Essas questões remetem ainda à importante reflexão acerca dos sentidos que o trabalho assume para o trabalhador contemporâneo. Antunes (1999) utiliza a relação e a tensão existentes entre tempo de trabalho e tempo livre, resgata e defende a redução da jornada de trabalho não só como alternativa para minimizar o desemprego estrutural, mas também como ponto de partida para se refletir sobre o tempo, o tempo de

trabalho, o autocontrole sobre o tempo de trabalho e o tempo da vida. Destaca a necessidade de neutralizar o controle opressivo do capital no tempo de trabalho e no tempo da vida:

[...] uma vida cheia de sentido fora do trabalho supõe uma vida dotada de sentido dentro do trabalho. Não é possível compatibilizar trabalho assalariado, fetichizado e estranhado com tempo (verdadeiramente) livre.
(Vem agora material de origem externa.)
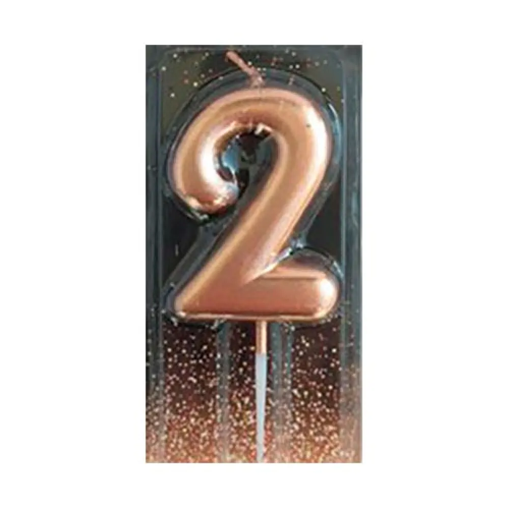 - Свеча-цифра 2 для торта блестящая, розовое золото.

Uma vida desprovida de sentido no trabalho é incompatível com uma vida cheia de sentido fora do trabalho. (ANTUNES, 1999, p. 175, grifos do autor).

Antunes (1999) ainda assevera que a redução da jornada de trabalho (com mesmo salário e maior tempo livre) é diferente da flexibilização da jornada de trabalho – esta serve ao capital e transforma o tempo livre em tempo de consumo completamente sem sentido.
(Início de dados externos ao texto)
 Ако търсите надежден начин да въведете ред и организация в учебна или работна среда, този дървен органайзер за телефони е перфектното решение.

Quando o trabalho consegue extrapolar a garantia de subsistência e abrir espaço para autorrealização, autonomia crescente, exercício da criatividade, reconhecimento, serviço à comunidade, inserção e vinculação social (MORIN, 2007), ele cria as condições para promover o indivíduo, amplifica suas possibilidades de experimentar plenitude dentro e fora do tempo do trabalho, e fortalece o delineamento de sua identidade profissional, seja qual for sua ocupação.

Em relação ao posicionamento do indivíduo na estratificação social, ao ajustar o foco para o capitalismo ocidental a partir do século XX, assiste-se à supervalorização da lógica individualista, o que coloca o indivíduo sob o jugo do empreendedorismo como resposta às contradições intrínsecas às práticas – muitas vezes distorcidas – desse modo de produção.
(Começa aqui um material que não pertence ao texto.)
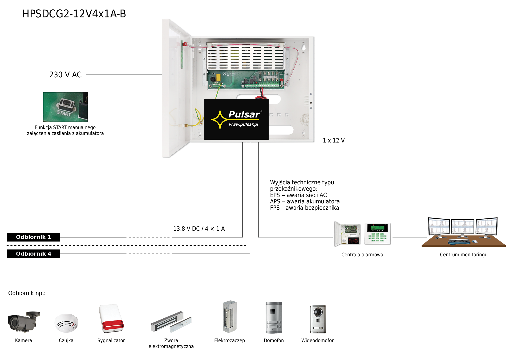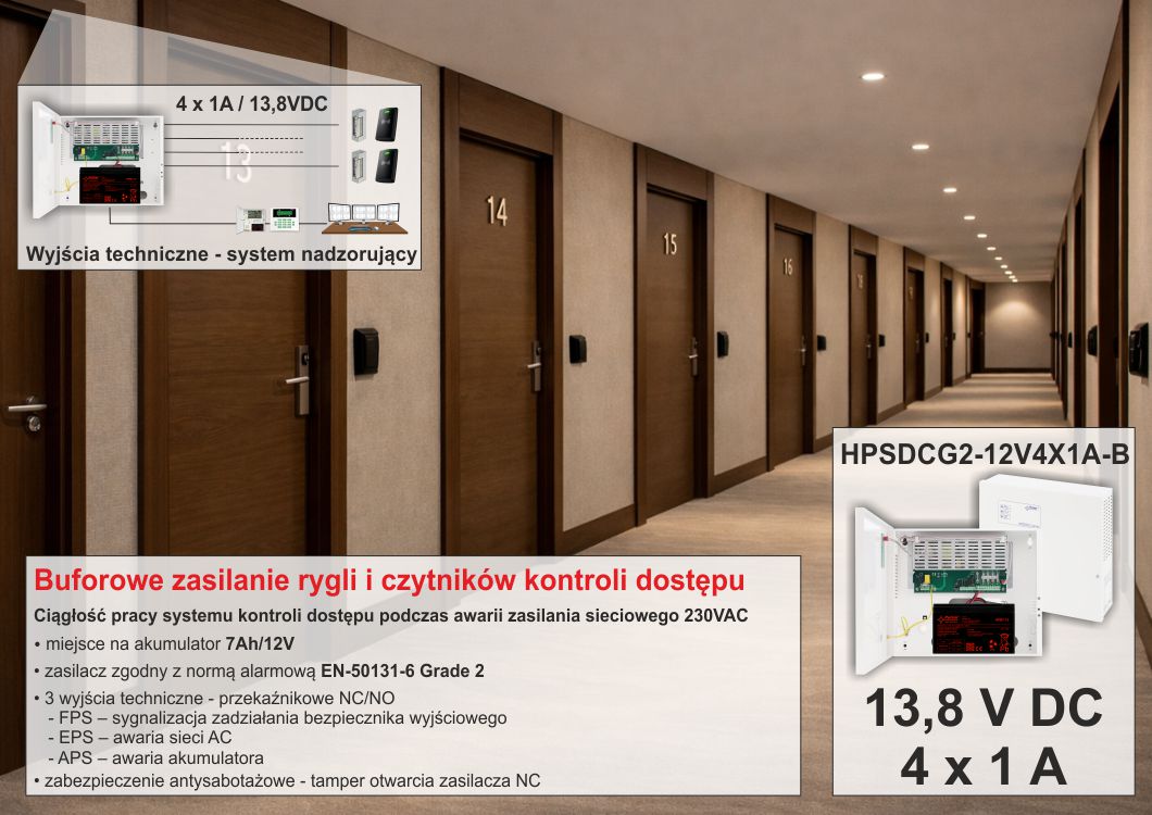 Nazwa:HPSDCG2 13,8V/4A/4x1A/7Ah zasilacz buforowy wielowyjściowy Grade 2

Há, de igual forma, um impacto das transformações no mundo do trabalho sobre a forma como o indivíduo encara suas possibilidades de inserção social - cujas fronteiras poderão deixar do lado de fora suas verdadeiras inclinações profissionais sob pena de não sobreviver. Isso poderá implicar no distanciamento, portanto, da construção identitária imediatamente anterior (seu repertório individual, social), pois se vê impelido, pela necessidade, a submeter-se a subempregos ou a relações precárias de trabalho.

É possível ver os desdobramentos das transformações do mundo do trabalho e das relações afins impactando diretamente nos conteúdos internos do indivíduo (subjetividade – identidade), revolvendo a trama de referências herdadas e

restabelecendo outras hierarquias valorativas – movediças, duvidosas e externamente impostas.